▸ **Data supplied**:
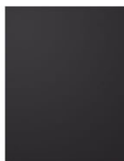
Basic Black 8-1/2" X 11" Cardstock $8.00
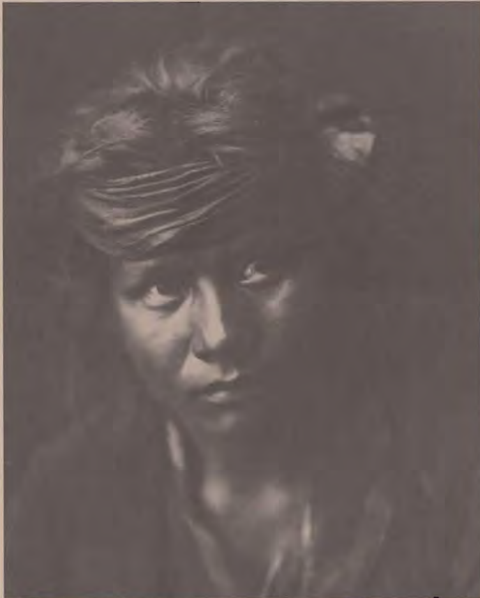
"Son of the Desert—Navaho." (Curtis, Edwin S., The North American Indian , Vol. 1, Cambridge: by the Author, 1907, Plate 32.)
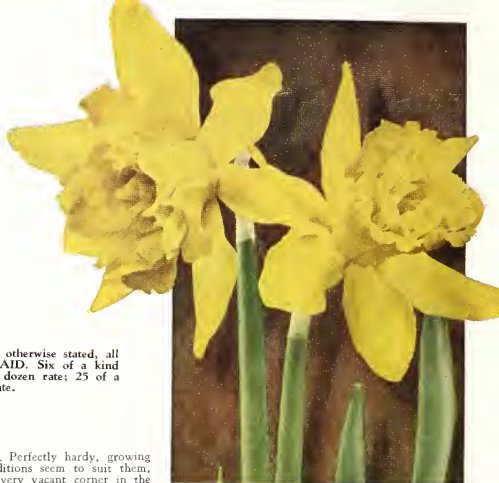
Von Sion, Double.

Mixed Narcissus A splendid assortment for outdoor culture, containing many kinds, largely Trumpets. You will be pleased. Each, 10c; per doz., 85c; per 100, $6.00.
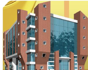
Brigade Point 0.03 Mn sq.ft
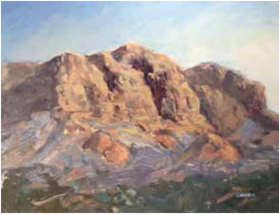
5. Kay Baker A Firm Foundation Oil, 11" x 14" $650
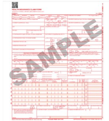
CMS 1500 Claim Form Example
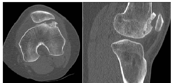
Figure 3 Axial and lateral CT of left knee one year after trochleaplasty demonstrating irregular lateral condyle due to nonunion and collapse of subchondral bone.

Patellofemoral instability may result from anatomical deficiencies in one of three anatomical structures that stabilise the patellofemoral joint: the trochlear groove geom-
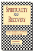
Spirituality and Recovery
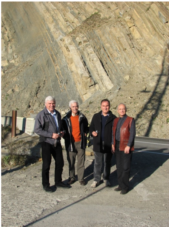
Geological trip Romania 2010:
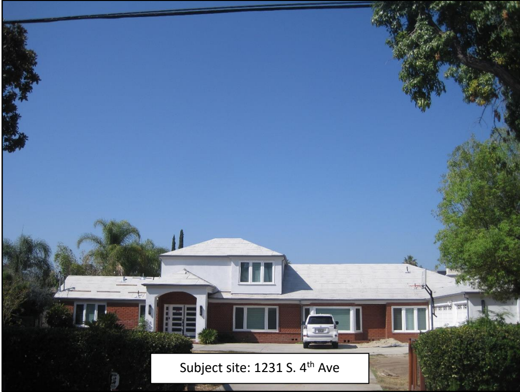
Subject site: 1231 S. 4 th Ave
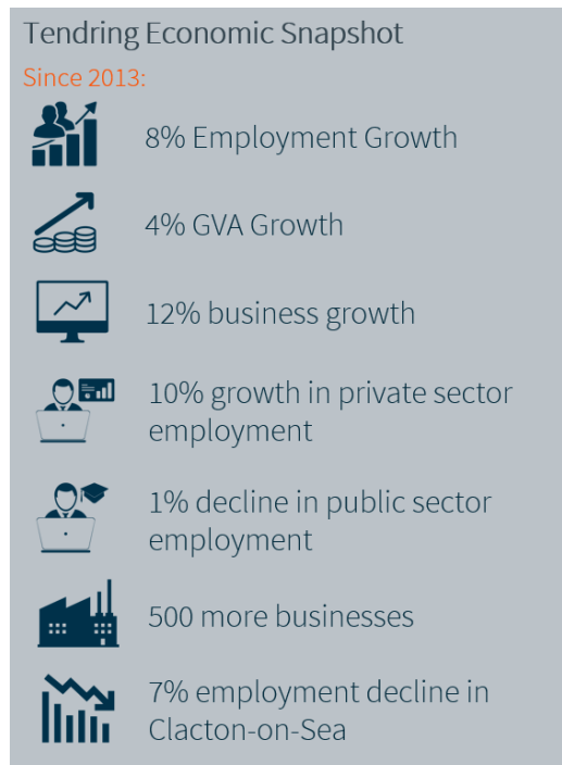
Figure 2.1 Tendring Economic Snapshot
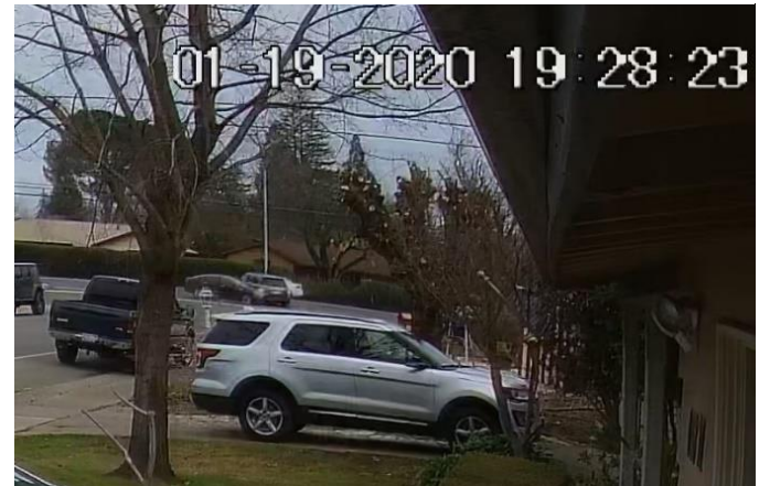
Figure 3: Near collision of Kia with stopped Honda

The Kia EDR data showed that P-1 was driving at more than 82 miles per hour and accelerating five seconds prior to the collision, on a roadway with a 40 miles per hour speed limit. Analysis of the Kia EDR data indicated that P-1 had initiated right steering approximately 1 second before the Kia became visible in the surveillance video. To determine the initial lane of travel of V-1, HVE/SIMON simulations were performed utilizing the EDR data obtained from V-1. A 3D model of the roadway was created from scene scan data. The Vehiclemetrics model of the 2021-2022 Kia K5 LXS was used as the starting point for the SIMON model for V-1. Minor dimensional and inertial changes were made to the K5 model to match published specifications for the 2017 Kia Optima. The K5 drivetrain properties were also modified to match the Optima. The steering ratio of the Optima model was adjusted to produce a minimum diameter turning circle that matched specifications.
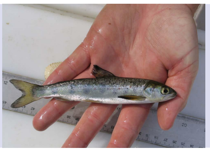
Atlantic Salmon Smolt

In the United States, commercial fisheries for Atlantic salmon have been closed since 1947; however, small but significant fisheries continue within the species' migratory corridor off the coast of Canada and Greenland. To effectively engage in issues requiring international collaboration such as these distant water fisheries, NMFS staff maintains a strong and influential presence at the North Atlantic Conservation Organization (NASCO) and International Conference for the Exploration of the Seas (ICES). NMFS' role is to work to reduce impacts to U.S. stocks from distant water fisheries, and seek to hold ourselves and other countries accountable for the protection and conservation of Atlantic salmon.
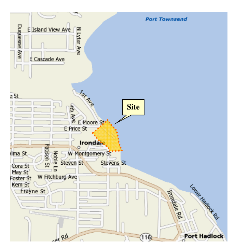
526 Moore Street, Irondale

If you need this publication in an alternative format, call (360) 407-6300. Persons with hearing loss, call 711 for Washington Relay Service. Persons with speech disability call 877-833-6341.
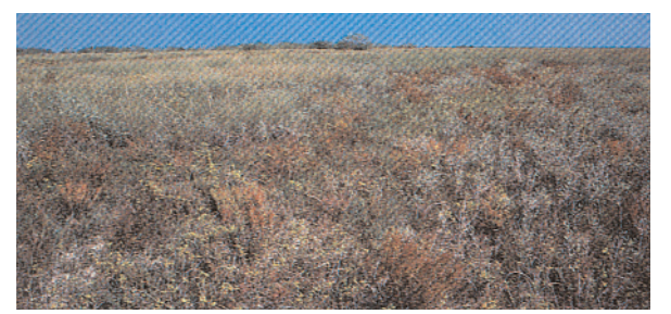
Aplomado Falcon habitat in South Texas
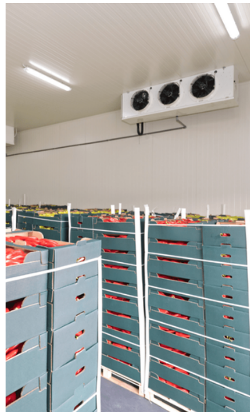
Imported red and yellow bell pepper

Farz Awal is equipped with a modern cold storage facility. The company has Heavy and Medium delivery vehicles to carry and distribute goods to our customers. We are using very hygienic refrigerated vehicles for supplying highly perishable fruits and vegetables. We insure that all handling is done in a suitable and hygienic procedure. We have no delivery charges.
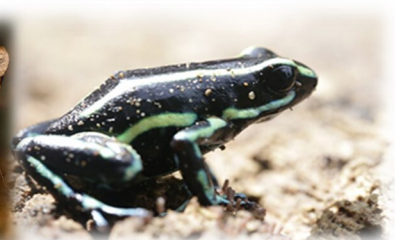
Poison dart frog
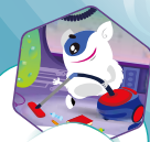
THE VACUUM CLEANER
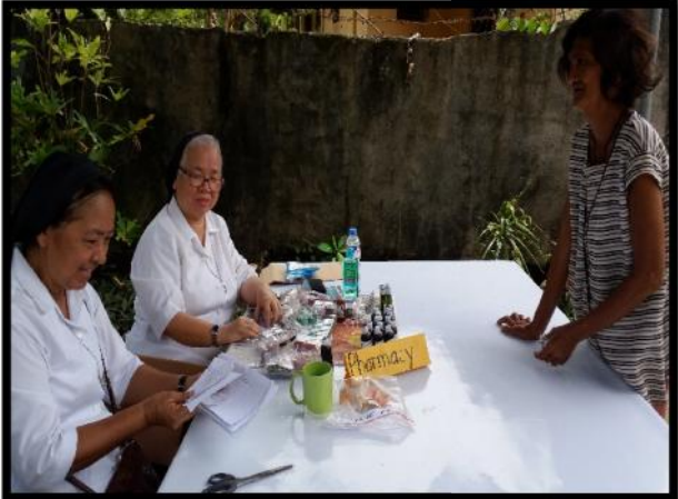
The HEALING SMILE of the HEALERS...
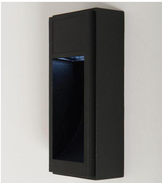
KSR1299 – Salta II
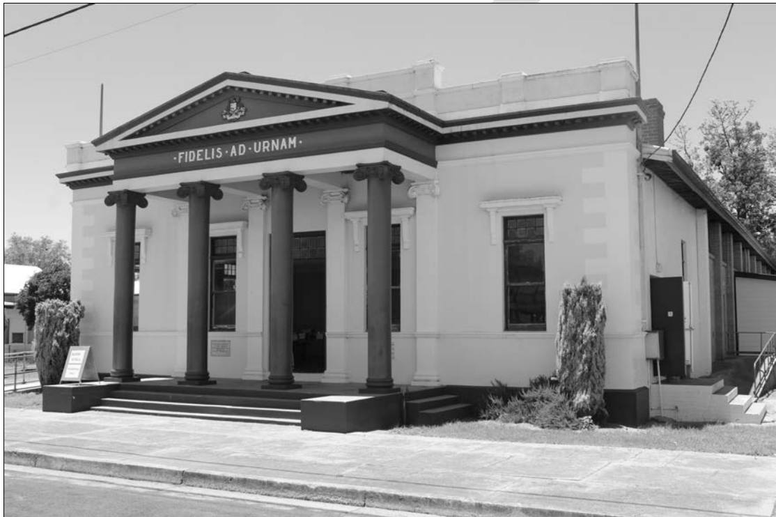
Baradine Memorial Hall
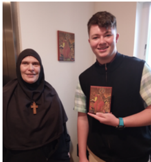
In front of the icon of St Katherine
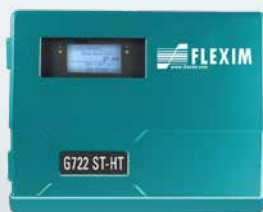
FLUXUS® G722 ST-HT

More than 30 years of experience in non-invasive ultrasonic flow measurement

▸ **Work task**: Write out the listing above exactly, images omitted.

▸ **Answer**:
Basic Black 8-1/2" X 11" Cardstock $8.00
"Son of the Desert—Navaho." (Curtis, Edwin S., The North American Indian , Vol. 1, Cambridge: by the Author, 1907, Plate 32.)
Von Sion, Double.

Mixed Narcissus A splendid assortment for outdoor culture, containing many kinds, largely Trumpets. You will be pleased. Each, 10c; per doz., 85c; per 100, $6.00.
Brigade Point 0.03 Mn sq.ft
5. Kay Baker A Firm Foundation Oil, 11" x 14" $650
CMS 1500 Claim Form Example
Figure 3 Axial and lateral CT of left knee one year after trochleaplasty demonstrating irregular lateral condyle due to nonunion and collapse of subchondral bone.

Patellofemoral instability may result from anatomical deficiencies in one of three anatomical structures that stabilise the patellofemoral joint: the trochlear groove geom-
Spirituality and Recovery
Geological trip Romania 2010:
Subject site: 1231 S. 4 th Ave
Figure 2.1 Tendring Economic Snapshot
Figure 3: Near collision of Kia with stopped Honda

The Kia EDR data showed that P-1 was driving at more than 82 miles per hour and accelerating five seconds prior to the collision, on a roadway with a 40 miles per hour speed limit. Analysis of the Kia EDR data indicated that P-1 had initiated right steering approximately 1 second before the Kia became visible in the surveillance video. To determine the initial lane of travel of V-1, HVE/SIMON simulations were performed utilizing the EDR data obtained from V-1. A 3D model of the roadway was created from scene scan data. The Vehiclemetrics model of the 2021-2022 Kia K5 LXS was used as the starting point for the SIMON model for V-1. Minor dimensional and inertial changes were made to the K5 model to match published specifications for the 2017 Kia Optima. The K5 drivetrain properties were also modified to match the Optima. The steering ratio of the Optima model was adjusted to produce a minimum diameter turning circle that matched specifications.
Atlantic Salmon Smolt

In the United States, commercial fisheries for Atlantic salmon have been closed since 1947; however, small but significant fisheries continue within the species' migratory corridor off the coast of Canada and Greenland. To effectively engage in issues requiring international collaboration such as these distant water fisheries, NMFS staff maintains a strong and influential presence at the North Atlantic Conservation Organization (NASCO) and International Conference for the Exploration of the Seas (ICES). NMFS' role is to work to reduce impacts to U.S. stocks from distant water fisheries, and seek to hold ourselves and other countries accountable for the protection and conservation of Atlantic salmon.
526 Moore Street, Irondale

If you need this publication in an alternative format, call (360) 407-6300. Persons with hearing loss, call 711 for Washington Relay Service. Persons with speech disability call 877-833-6341.
Aplomado Falcon habitat in South Texas
Imported red and yellow bell pepper

Farz Awal is equipped with a modern cold storage facility. The company has Heavy and Medium delivery vehicles to carry and distribute goods to our customers. We are using very hygienic refrigerated vehicles for supplying highly perishable fruits and vegetables. We insure that all handling is done in a suitable and hygienic procedure. We have no delivery charges.
Poison dart frog
THE VACUUM CLEANER
The HEALING SMILE of the HEALERS...
KSR1299 – Salta II
Baradine Memorial Hall
In front of the icon of St Katherine
FLUXUS® G722 ST-HT

More than 30 years of experience in non-invasive ultrasonic flow measurement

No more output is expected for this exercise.